Forward-Looking Statements

Except for the historical information contained in this news release, the matters addressed are forward-looking statements. Forward-looking statements, written, oral or otherwise made, represent Fiesta’s expectation or belief concerning future events. Without limiting the foregoing, these statements are often identified by the words “may,” “might,” “believes,” “thinks,” “anticipates,” “plans,” “expects,” “intends” or similar expressions.

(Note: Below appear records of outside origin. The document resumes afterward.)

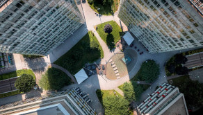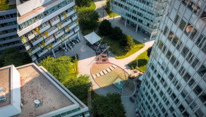➞ Z priestoru je výhľad do zeleného vnútrobloku, ako aj na okolité budovy Apollo BC II.
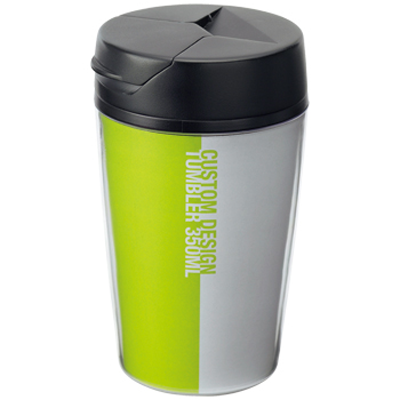 オフィスでも、学校でも大活躍のタンブラーを、オリジナルデザインで作ってみませんか?飲み口を閉じればフラットになるスタイリッシュなデザインです。350mlのうれしい飲みきりサイズ。持ち運びにも便利です。本体耐熱温度100度。
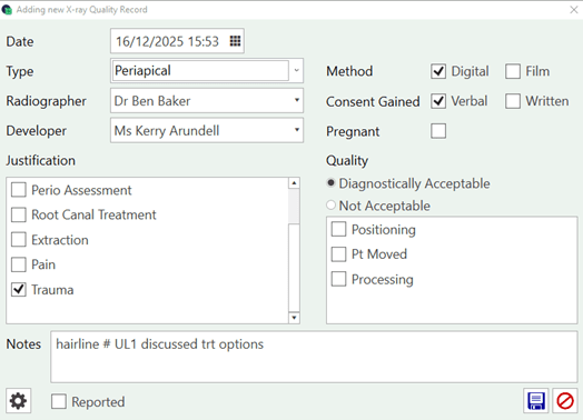 You can now record your X-Ray QA details in Pearl, allowing this to be reported on and used for CQC inspections. Access the X-ray details through the Radiograph symbol.
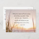 Die Postkarte der Inspirationsschrift zeigt ein Naturfoto mit Schilf am Strand und einem wunderschönen Sonnenuntergang am Ozean. Es enthält einen Teil der Bibel Verse John 16:13, "Wenn der SPIRIT der Wahrheit kommt, wird ER DIR IN ALLE WAHRHEIT LEITEN ... und er wird dir verkünden, was kommen wird."_
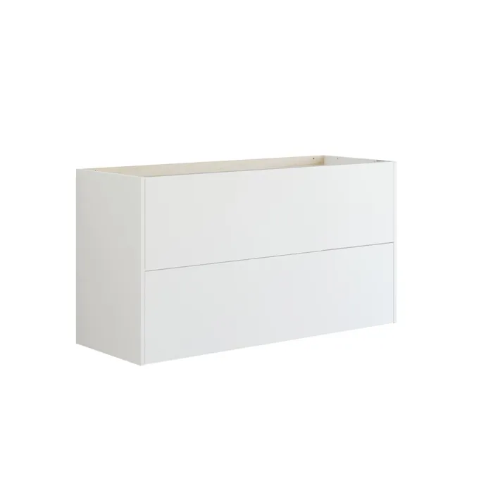 Förvandla ditt badrum med detta stiliga underskåp med slät front och två rymliga lådor. Detta skåp ger optimal förvaringsutrymme för alla dina badrumsartiklar, så att du enkelt kan hålla ordning. Den minimalistiska designen gör det till ett perfekt val för moderna badrum. Oavsett om du placerar en bänkskiva ovanpå eller kombinerar det med ett tvättställsskåp, tillför detta skåp ett elegant och funktionellt element till ditt badrum. Välj bland flera färger för att skapa din egen stil. OBS: Det tillkommer en startsavgift (BI1) för produkter med valfri färg. Den betalas en gång per valfri färg oavsett antal produkter. Kom ihåg att komplettera badrumsmöblerna med små, praktiska detaljr som du har glädje av varje dag. Exempelvis belysning i lådor och skåp, inbyggda eluttag och rörelsesensor på underbelysningen för att underlätta nattliga badrumsbesök. Dessa tillval beställs samtidigt som du köper dina möbler.
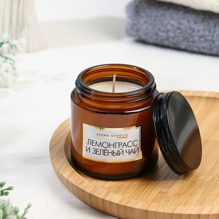 Свеча в банке ароматическая "Лемонграсс и зеленый чай", 6,2х6,2х6,5 см, 9 часов
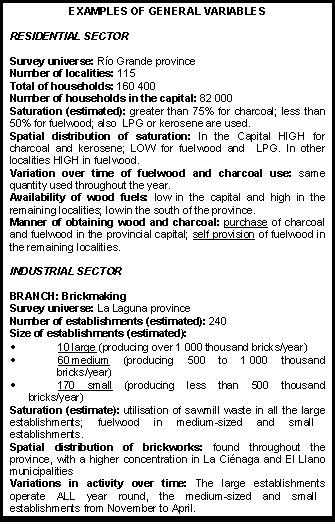 The general variables are: classification of woodfuel end users by sector; size, geographical distribution and variation over time, together with other characteristics of a generic nature.
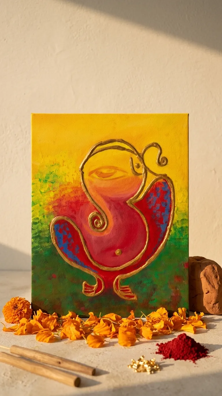 Ganesha Acrylic Canvas Painting | 16×20 Inch Wall Art Mounted on Hardwood | Spiritual Home Decor
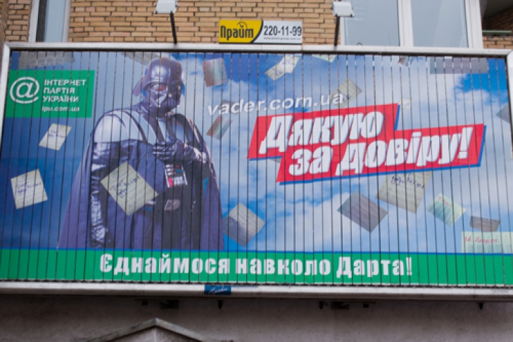 Дарт Вейдер выразил с билборда сердечную благодарность украинцам, которые проголосовали за реформы, и оказали высокое доверие Темному Лорду на выборах в Верховную Раду Украины.

In addition, expressions of Fiesta’s strategies, intentions or plans are also forward-looking statements. Such statements reflect management’s current views with respect to future events and are subject to risks and uncertainties, both known and unknown. You are cautioned not to place undue reliance on these forward-looking statements as there are important factors that could cause actual results to differ materially from those in forward-looking statements, many of which are beyond Fiesta’s control. Investors are referred to the full discussion of risks and uncertainties as included in Fiesta’s filings with the Securities and Exchange Commission.